I want to calculate the following limit
$lim_{n \to \infty}\ A={\begin{bmatrix}1 & 0 &0 & 0&0\\1-p & 0 & p & 0&0\\0 & 1-p & 0 & p&0\\0&0&1-p&0&p\\0&0&0&0&1\end{bmatrix}}^n$ where we know $0<p<1$.
I put some numbers instead of $p$ and calculated the above matrix for large $n$ and I observed that the limit matrix will be in shape of following matrix for $a,b,c,d,e,f \neq 0$
$$\begin{bmatrix}1 & 0 &0 & 0&0\\a & 0 & 0 & 0&b\\c & 0 & 0 & 0&d\\e&0&0&0&f\\0&0&0&0&1\end{bmatrix}$$
but the point is that I need to know exactly what $a,b,c,d,e,f$ are (regards to $p$).
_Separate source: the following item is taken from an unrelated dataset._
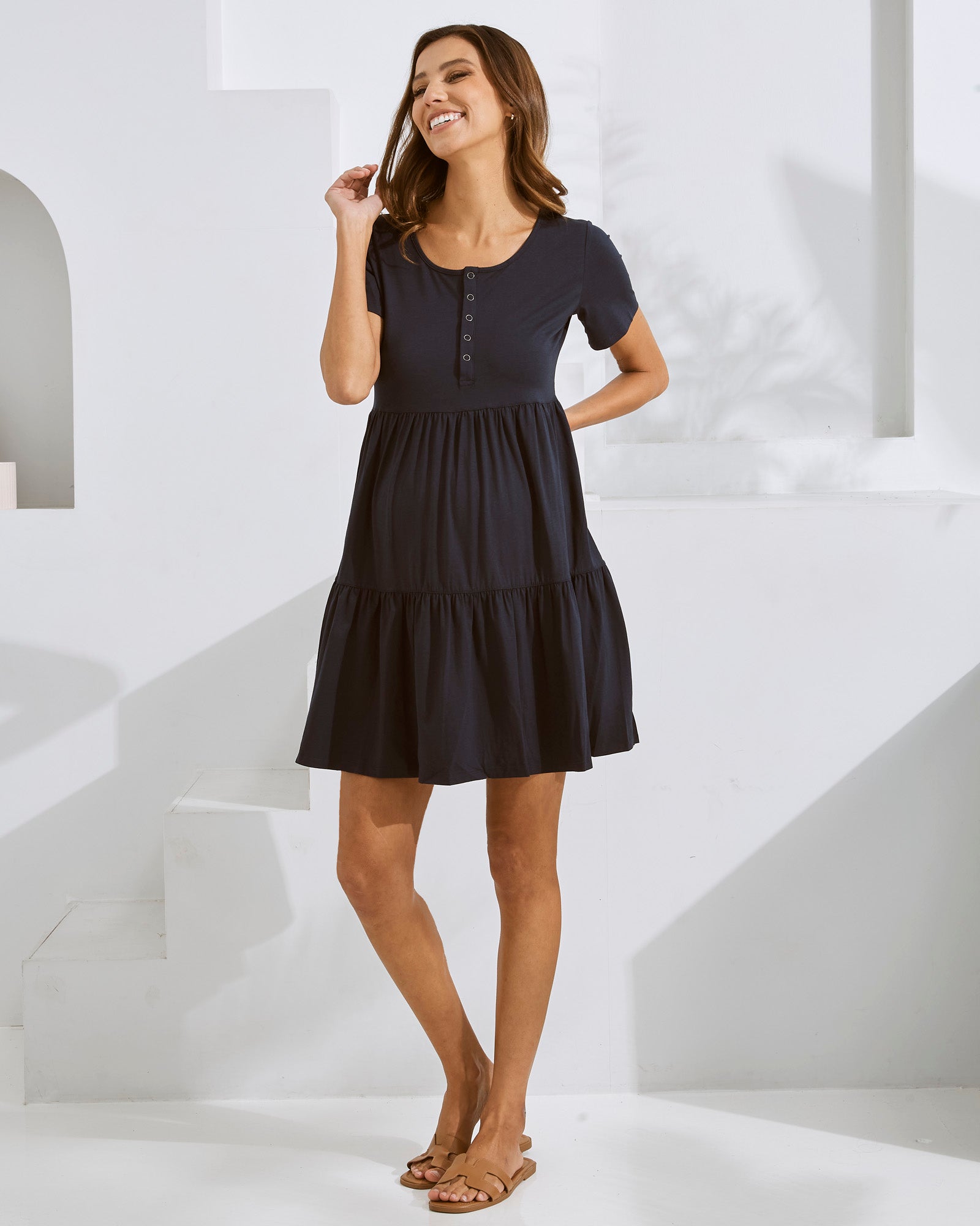 Our new maternity tiered summer dress is so cute! Made from a soft light weight material that is super comfortable and stretchy. This dress is a flowy style so it won't cling to you during the hot weather. With a button front opening for easy access when nursing.

Moreover, I think adding it would be helpful that the matrix $A$ is actually a transition matrix of a markov chain so as you can see the summation of each row is $1$.
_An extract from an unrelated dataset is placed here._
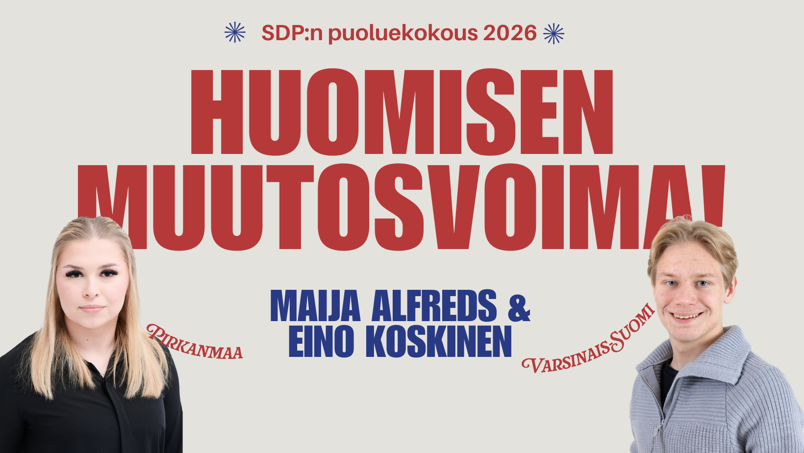 This text was written by Eino Koskinen from Southwest Finland and Maija Alfreds from Pirkanmaa. Both are candidates for party congress delegate.

another valid question is what would happen to limit if $A$ was an $N\times N$ matrix instead of a $5 \times 5$ one?
We see from the transition matrix $A$ that the Markov chain has two absorbing states—the first and last—while the rest are transient, i.e., the system eventually enters either the first or last state and stays there. As $n$ gets large, $A^n$ will approach a matrix $P$ of the shape that you’ve described. Each entry $p_{ij}$ of the non-zero columns is the probabilities of eventually reaching state $j$ if the system starts in state $i$.
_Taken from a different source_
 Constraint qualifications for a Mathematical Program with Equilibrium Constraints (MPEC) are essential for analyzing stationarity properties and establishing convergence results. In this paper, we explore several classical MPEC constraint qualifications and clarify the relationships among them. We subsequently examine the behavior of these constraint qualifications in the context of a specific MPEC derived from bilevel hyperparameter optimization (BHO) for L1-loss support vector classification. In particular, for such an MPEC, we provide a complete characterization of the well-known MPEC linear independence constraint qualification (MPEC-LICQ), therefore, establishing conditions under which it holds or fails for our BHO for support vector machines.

To compute these probabilities, proceed as per @Ian’s comment. Each of the two non-zero columns will be a (right) eigenvector of $A$ corresponding to the eigenvalue $1$, that is, each will satisfy $(A-I)\mathbf v=0$. In this case, you only need to solve one such system of linear equations since we also have $p_{i5}=1-p_{i1}$.
As for the general $n\times n$ case, the result is similar: a matrix with only the first and last column non-zero, and the entries in those columns the probabilities of eventually reaching the corresponding absorbing state. To compute those probabilities, find a recurrence for the entries in one of the non-zero columns (the last one is the easier of the two to work with).